Przebieg rosyjskich, niemieckich i austro-węgierskich pozycji przed atakiem w dniu 29 lipca 1915 r.
Prześledźmy te wydarzenia z punktu widzenia biorącego udział w tych walkach niemieckiego 217 Rezerwowego Pułku Piechoty (dalej rez. pp), należącego do 47 Rez. Dywizji Piechoty (dalej DP).

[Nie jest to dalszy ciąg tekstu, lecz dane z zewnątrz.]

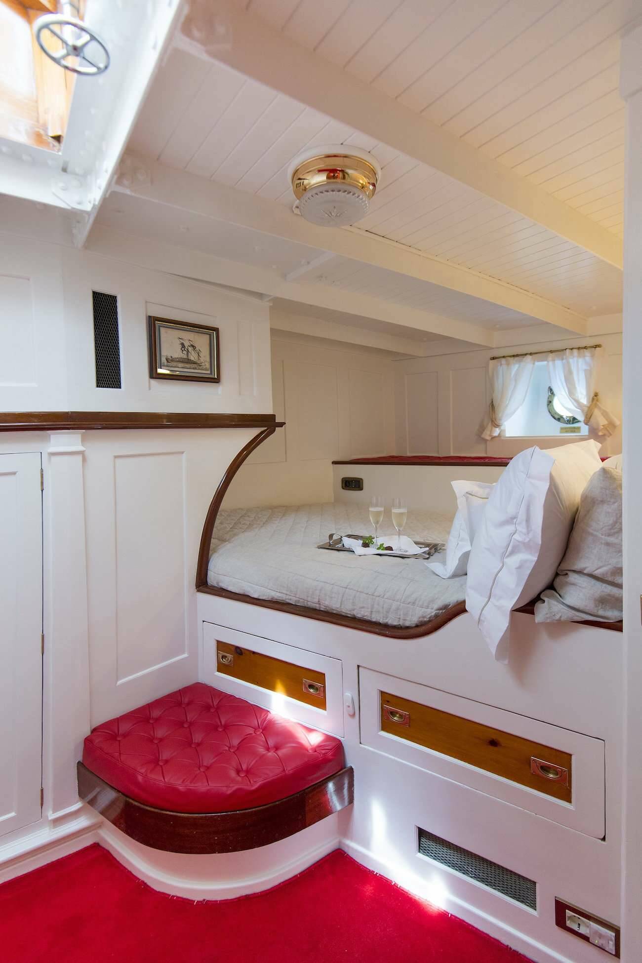 - Master Cabin: Features a double bed (190 x 138 cm), a private desk, and an en-suite bathroom.

Dzień 22 lipca był dla austro-węgierskiej 4 Armii dniem kolejnych zaciętych walk, ciężkie boje toczyły się m.in. pod Niedrzwicą Małą (ob. Niedrzwica Kościelna), jednak 217 rez. pp "trafił się" tym razem spokojniejszy odcinek. Pułk otrzymał rozkaz by utrzymując styczność ze znajdującą się po prawej stronie 24 DP przesunął się z zajmowanej dotąd linii Nowa Góra – Osiny w kierunku linii Majdan Chmielnicki – centrum wsi Cuple, którą obsadzały nieliczne straże tylne przeciwnika. Pułk maszerował leśną drogą Nowa Góra – Majdan Chmielnicki i w odległości 1 km na południe od Majdanu Chmielnickiego zatrzymał się na leśny postój. W godzinach popołudniowych II batalion (z prawej strony) i I batalion (z lewej strony) zajęły pozycje wyjściowe do ataku pomiędzy drogą Nowa Góra – Majdan Chmielnicki a otwartym polem leżącym na południe od centrum Cupli. Atak został jednak odwołany przez dowództwo dywizji - do akcji wkroczyła jedynie niemiecka artyleria, która po zapadnięciu ciemności ostrzelała Majdan i Cuple, podpalając obie wioski. Jak się okazało wystarczyło to w zupełności – wysłane około północy patrole stwierdziły odejście Rosjan z zajmowanych przez nich pozycji.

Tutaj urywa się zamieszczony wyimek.